On my test box it takes 13-14 seconds to dump.

The profile shows:
- 99.89% 0.00% a.out
entry_SYSCALL_64_after_hwframe
do_syscall_64
syscall_exit_to_user_mode
arch_do_signal_or_restart
- get_signal
- 99.89% do_coredump
- 99.88% elf_core_dump
- dump_user_range
- 98.12% get_dump_page
- 64.19% __get_user_pages
- 40.92% gup_vma_lookup
- find_vma
- mt_find
4.21% __rcu_read_lock
1.33% __rcu_read_unlock
- 3.14% check_vma_flags
0.68% vma_is_secretmem
0.61% __cond_resched
0.60% vma_pgtable_walk_end
0.59% vma_pgtable_walk_begin
0.58% no_page_table
- 15.13% down_read_killable
0.69% __cond_resched
13.84% up_read
0.58% __cond_resched

Almost 29% of the time is spent relocking the mmap semaphore between
calls to get_dump_page() which find nothing.
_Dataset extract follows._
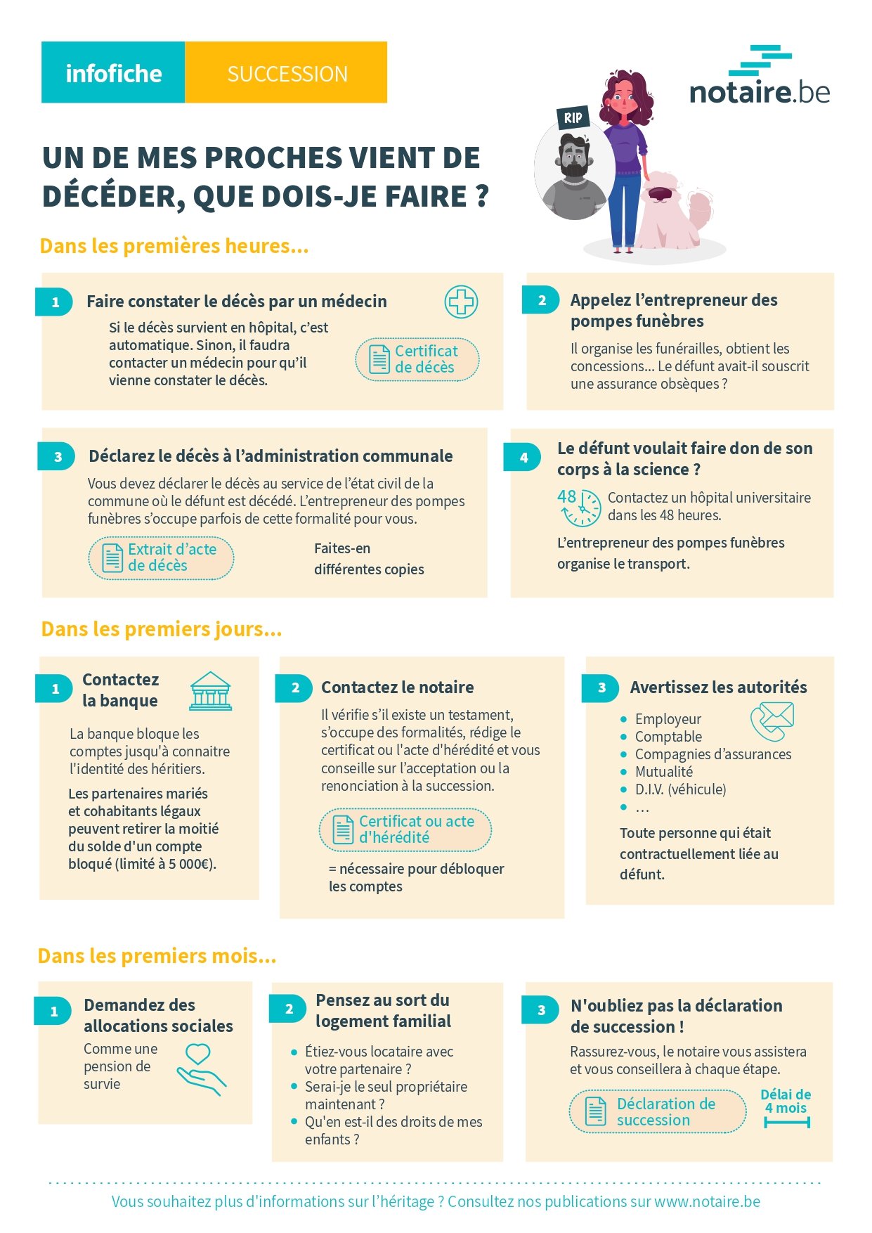 La perte d’un être cher est toujours bouleversant. À cela s’ajoutent, malheureusement, de nombreuses formalités pratiques et administratives. Par où commencer ? Qui devez-vous contacter ? Quelles sont les démarches à effectuer ? Quel est être le rôle du notaire ? Notaire-Cabinet vous guide étape par étape.

Whacking that results in times of 10 seconds (down from 13-14).

While here make the thing killable.

The real problem is the page-sized iteration and the real fix would
patch it up instead. It is left as an exercise for the mm-familiar
reader.

Signed-off-by: Mateusz Guzik <mjguzik@xxxxxxxxx>
---

Minimally tested, very plausible I missed something.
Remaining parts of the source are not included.